You literally just need a lowpass filter.. it's just a capacitor across the + and - lines. most places call them PWM filters. it basically filters out the pwm signal.. you could go relay as well.. but even on my 2016 ram 1500, I just needed a PWM anti-flicker module.. it just sits in-line.. and is really just a capacitor and maybe a diode or two to block caps from draining back into the vehicle wiring.. I had just got them with my xenondeport hid kit.. didn't use the relay harness at all.. the rams are WAY more sensitive than the GM cars from what I can tell.. 

even things like the tail lights and stupid license plate light are monitored on the ram.. super annoying.. they PWM them too.


----------



## Nightshade (Mar 26, 2019)

as soon as I figure out if I have 9005 or 9012 bulbs in the car, I will be ordering an HID kit.. picked up my car today. so this week will be tint, order hids.. maybe order LEDs and try and decide on a tune..

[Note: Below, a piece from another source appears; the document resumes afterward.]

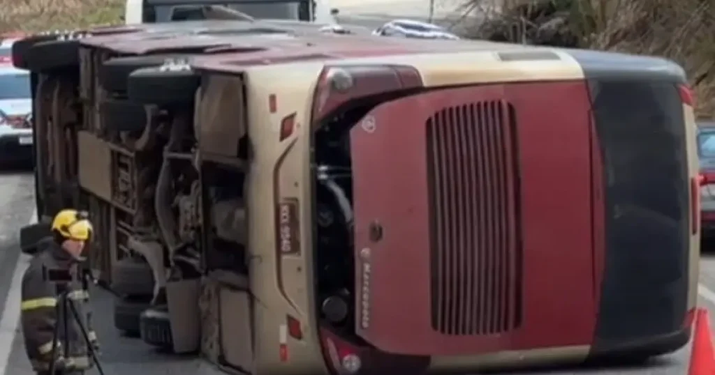 Ônibus com 58 estudantes com destino à Porto Seguro tomba e deixa feridos

I will report back with my results just installing a filter along with a normal canbus HID kit.. I just use the xenondepot extreme kits.. no reason other than they are in canada and I don't have to wait for customs.. and haven't had any issues with that kit on my ram in years..


----------



## Nightshade (Mar 26, 2019)

so picked up a new 9005 Hylux kit from Prolightz (basically the same kit that Diode Dyamics sells but from canada instead of the states).. No issues. It has a PWM filter built into the input.. so no relays or extra wiring needed.. just had to deal with the extra bulk on the input to the ballast. Works fine, no codes, no flicker.. pretty much plug and play except for the hole you have to drill in the dust covers.


----------



## SWAT (Mar 26, 2019)

Nightshade said:


> so picked up a new 9005 Hylux kit from Prolightz (basically the same kit that Diode Dyamics sells but from canada instead of the states).. No issues. It has a PWM filter built into the input.. so no relays or extra wiring needed.. just had to deal with the extra bulk on the input to the ballast. Works fine, no codes, no flicker.. pretty much plug and play except for the hole you have to drill in the dust covers.


 Can you please confirm you have the 2nd Gen Cruze and if your headlights are the Projector ones? How's it working nowadays, still no issues? Thanks


----------